Athlete 1 will always be victorious, because he cannot be defeated by others. But in the finals, he'd face a person, and I have to find the probability that he is athlete 4.

For no. 4 to go to the second round,

Lets say sample space is 8C2. No. of combinations that'd lead him to win is 4-5,4-6,4-7,4-8, i.e. 4 combinations.

His probability of going to second round is 1/7.

In the next round, along with number 4, there are two possibilities. Lets consider all no. below 4 to be X and above 4 to be Y.

In the second round, athletes can be present in such order,

4,X,Y,Y --- 4,X,X,Y [Since atleast one X would always be present (1). If all the three are X, probability of 4 going to finals becomes 0]

In the first case, probability of 4 winning is 2/4C2=1/3 and in second, 1/6.

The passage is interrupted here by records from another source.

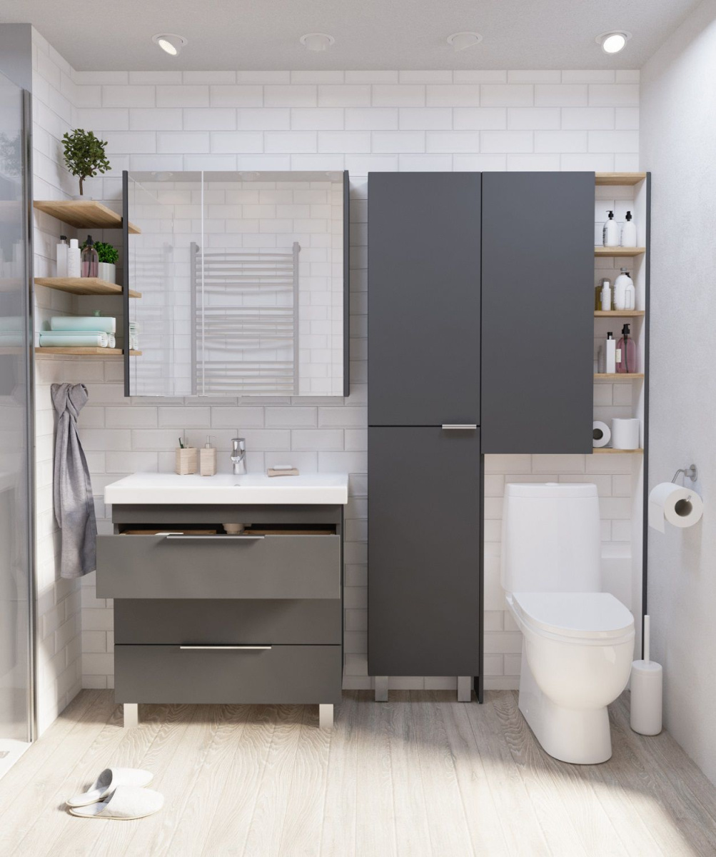 - Мебель для ванной 1MarKa Gaula 80Н черная, 3 ящика
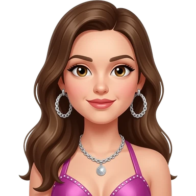 P!nk with blue eyes, pink hair, orchid metallic shirt, hot pink metallic baggy pants, silver necklace emoji
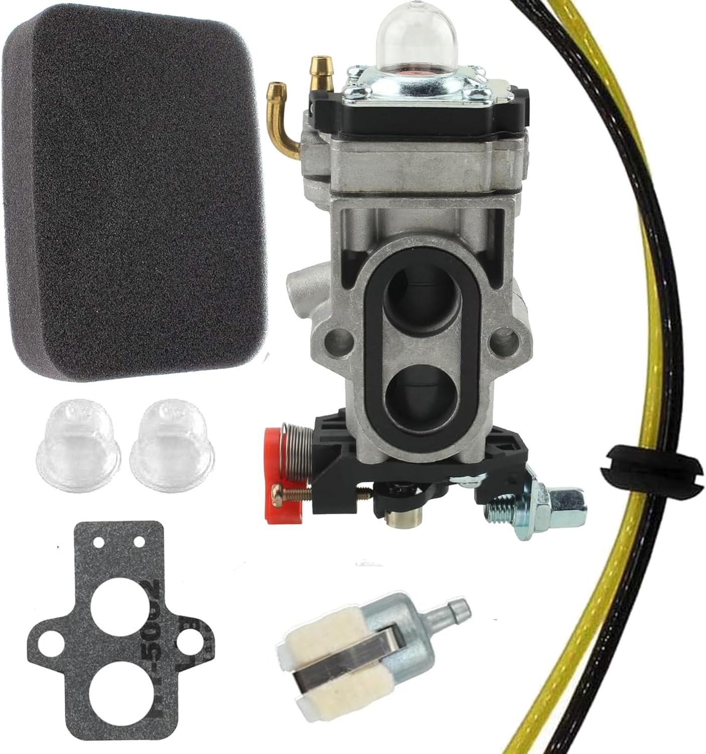 Figure 1: The BXparts TJ45E Carburetor shown with its accompanying gasket, fuel line kit, fuel filter, primer bulbs, and air filter. These components are essential for a complete replacement and proper engine function.
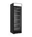 Deze zwarte display koelkast is voorzien van een dubbel 'Thermopane' beglazen deur, met aluminium kader, magnetische sluiting en een ergonomisch handvat. Ook heeft de deur een slot en een sleutel om de kast na sluiting veilig af te sluiten. Boven de deur is de koeling voorzien van lichtbak waar u uw eigen logo en marketinguitingen kwijt kunt. Uitgerust met een geforceerd koelsysteem en wordt gekoeld met R290 koelmiddel. Dankzij 2 kleine wielen aan de achterzijde is de koelkast gemakkelijk te verplaatsen. Ook heel handig voor een flexibele opstelling.
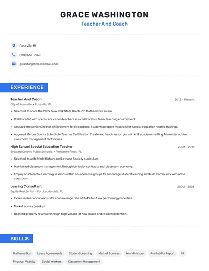 Choose from 10+ customizable teacher and coach resume templates
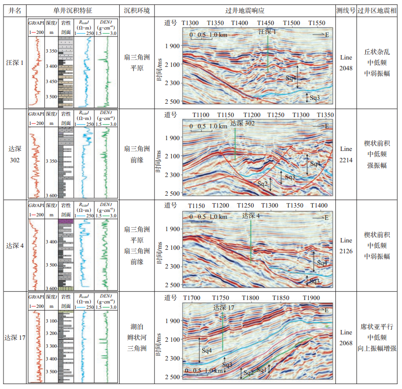 2.4 地震相特征地震相是沉积体较直观的地球物理响应特征之一,它对于判别沉积类型、分析无井区沉积相具有重要作用[20-22]。从徐家围子北部沙河子组东西向地震剖面来看,不同单井标定的扇三角洲沉积物在地震相响应特征上存在一些差异,但总体以典型的中低频楔状前积反射、丘状或楔状杂乱反射为特征,与研究区代表辫状河三角洲和湖泊沉积物的平行—亚平行连续反射结构明显不同(图 4)。如汪深1井,在单井上表现为褐色砂砾岩与泥岩互层沉积,测井曲线箱状响应不明显,属于典型的扇三角洲沉积环境,而在地震剖面上该井就表现为丘状杂乱反射特征,属于扇三角洲沉积体的横截面典型响应。由此通过单井沉积相-地震相标定与对比,明确了扇三角洲的地震响应特征,即以丘状、楔状杂乱反射或楔状前积反射为主。
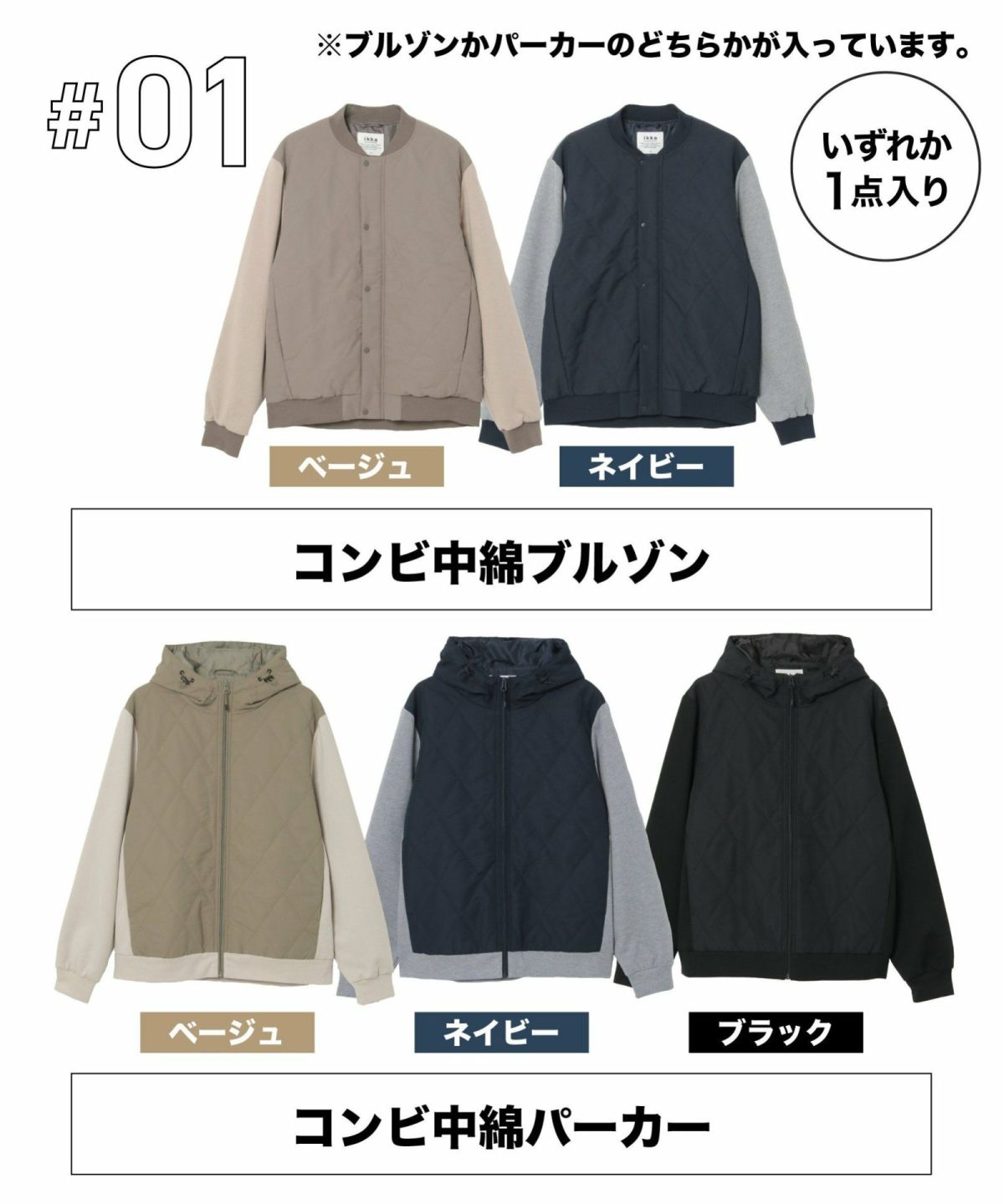 ikka 予約 2026福袋 他の画像を見る 着回し易い薄綿アウターの入った福袋は初の大容量6点セット! 【2026年福袋】ikkaメンズ福袋 A ¥ 7,700 税込 カートに入れる お気に入りに登録する
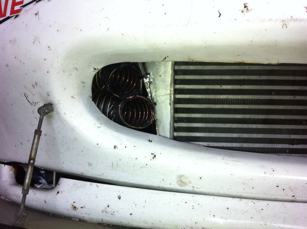 I like the idea. I was considering doing something very similar, except with larger hoses (left over 3" brake hose) and NACA ducts to feed the tubing. Ideally you want the inlet to be about 33% of the surface area of the heat exchanger. Its hard to tell from the pics but I agree that the inlet area is a little small. It could also be improved by smoothing out the transitions into and out of the hoses.
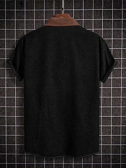 Men's Casual Button Up Shirt Pocket Short Sleeve Colorblock Collar Blouse Tops
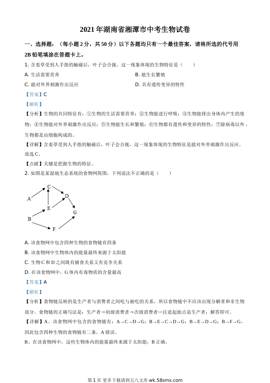 湖南省湘潭市2021年中考生物试题(解析版).doc_第2页
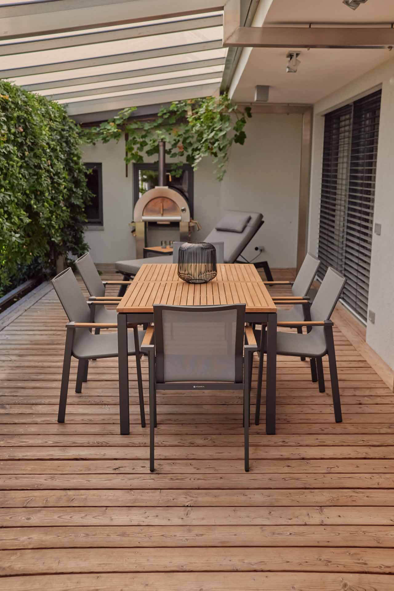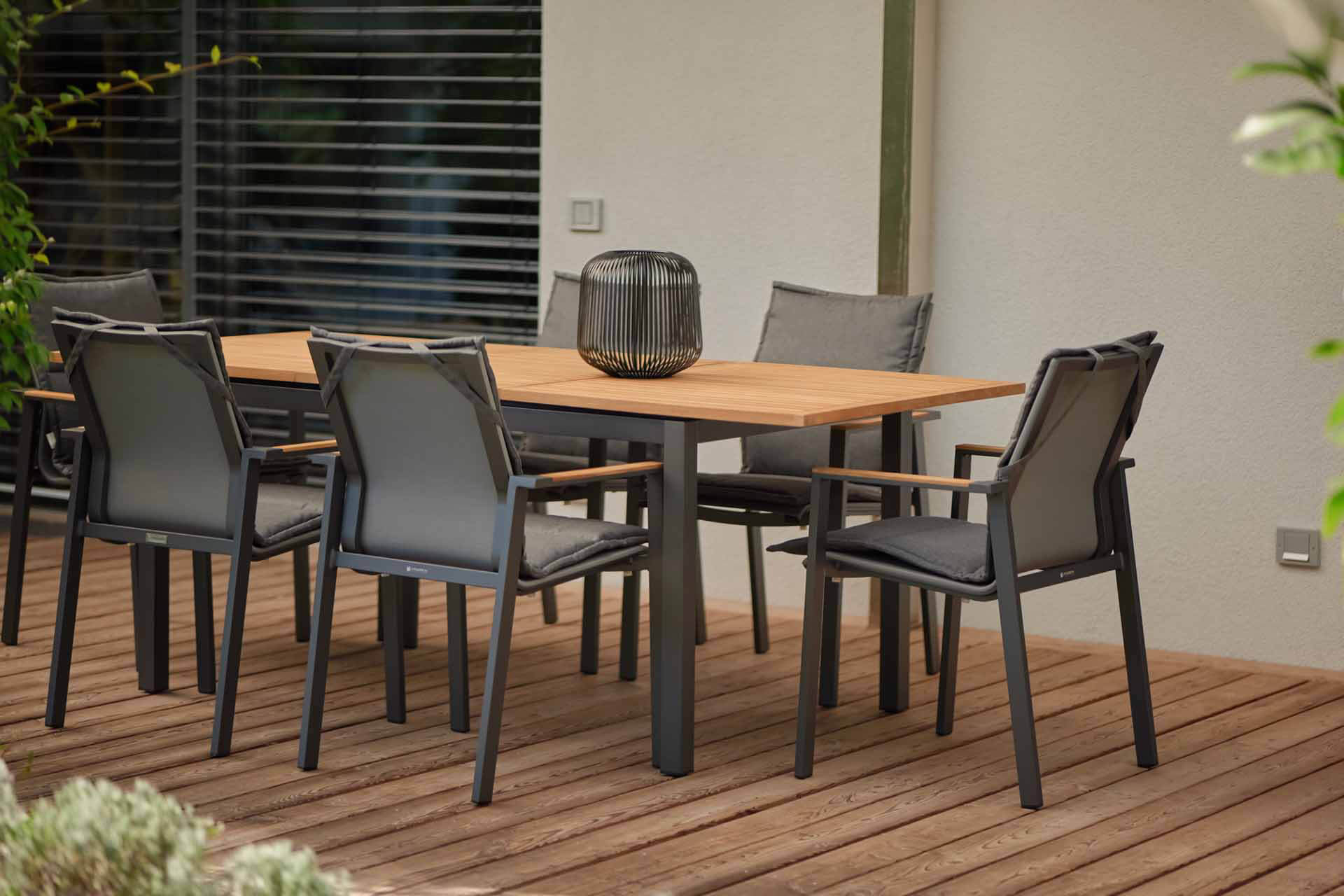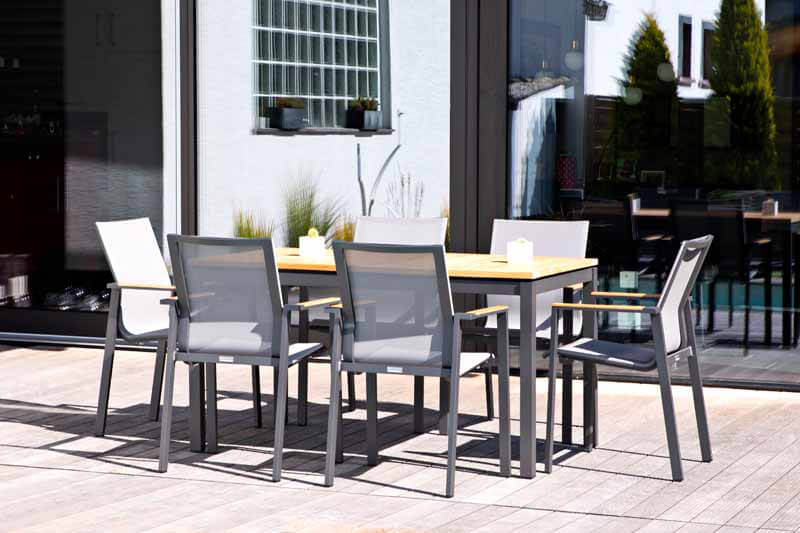 Wir verwenden ausschließlich Teakholz aus kontrolliertem Anbau. Teakholz gehört zu den wertvollsten Nutzhölzern der Welt. Ein hoher Kautschukgehalt bewirkt unter anderem eine starke Wasserabweisung. Das Holz widersteht nicht nur problemlos Nässe, Sonne, Frost und Temperaturschwankungen, sondern besitzt auch eine hohe Resistenz gegen Ungeziefer und Insekten. Teakholz ist zum Dauereinsatz im Freien besonders geeignet. Die meisten Teakmöbel werden naturbelassen geliefert. Im Laufe der Zeit bekommt das Holz durch Witterungseinflüsse eine silbergraue Patina.
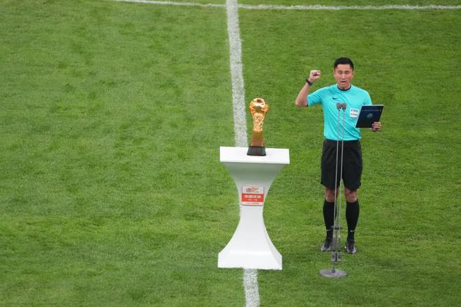 运动员、裁判员宣誓。遵循国际赛事高标准,在火神杯的衬托下,以足球之名,以中超之名。 庄严的仪式承载着每一位赛事参与者对足球的信仰与坚守!
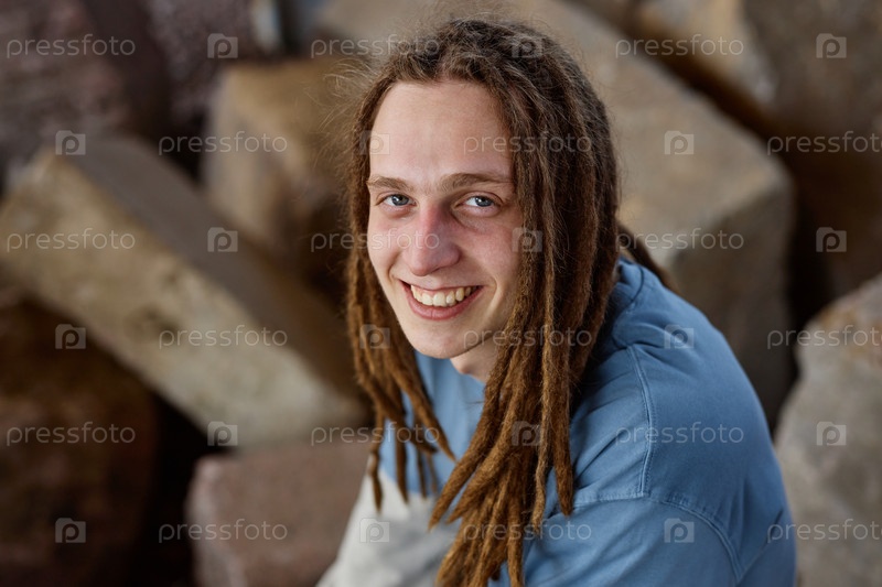 Портрет улыбающегося мужчины с дредольками, сидящего на улице

So probability of 4 going to finals is 1/7*(1/6+1/3)=1/14. But according to the book, this is wrong since the answer given is 4/35. Can someone help?

2. Oct 1, 2007

### Avodyne

In the first round, the number of possible pairings is not 8C2, but rather 7*5*3*1. To see this, ask, who is #1 paired with? There are 7 possibilities. Once #1's opponent has been chosen, pick a player who's left (#2, say, if #2 is not #1's opponent; otherwise, #3), and ask who that player's opponent is. There are 5 possibilities. And so on.

Now, in that first round, what are the odds that #4 draws #5, 6, 7, or 8, and not #1, 2, or 3?

Say #4 draws #5. To survive the next round, we must not have #1, 2, and 3 paired up with #6, 7, and 8. What are the odds that this does NOT happen?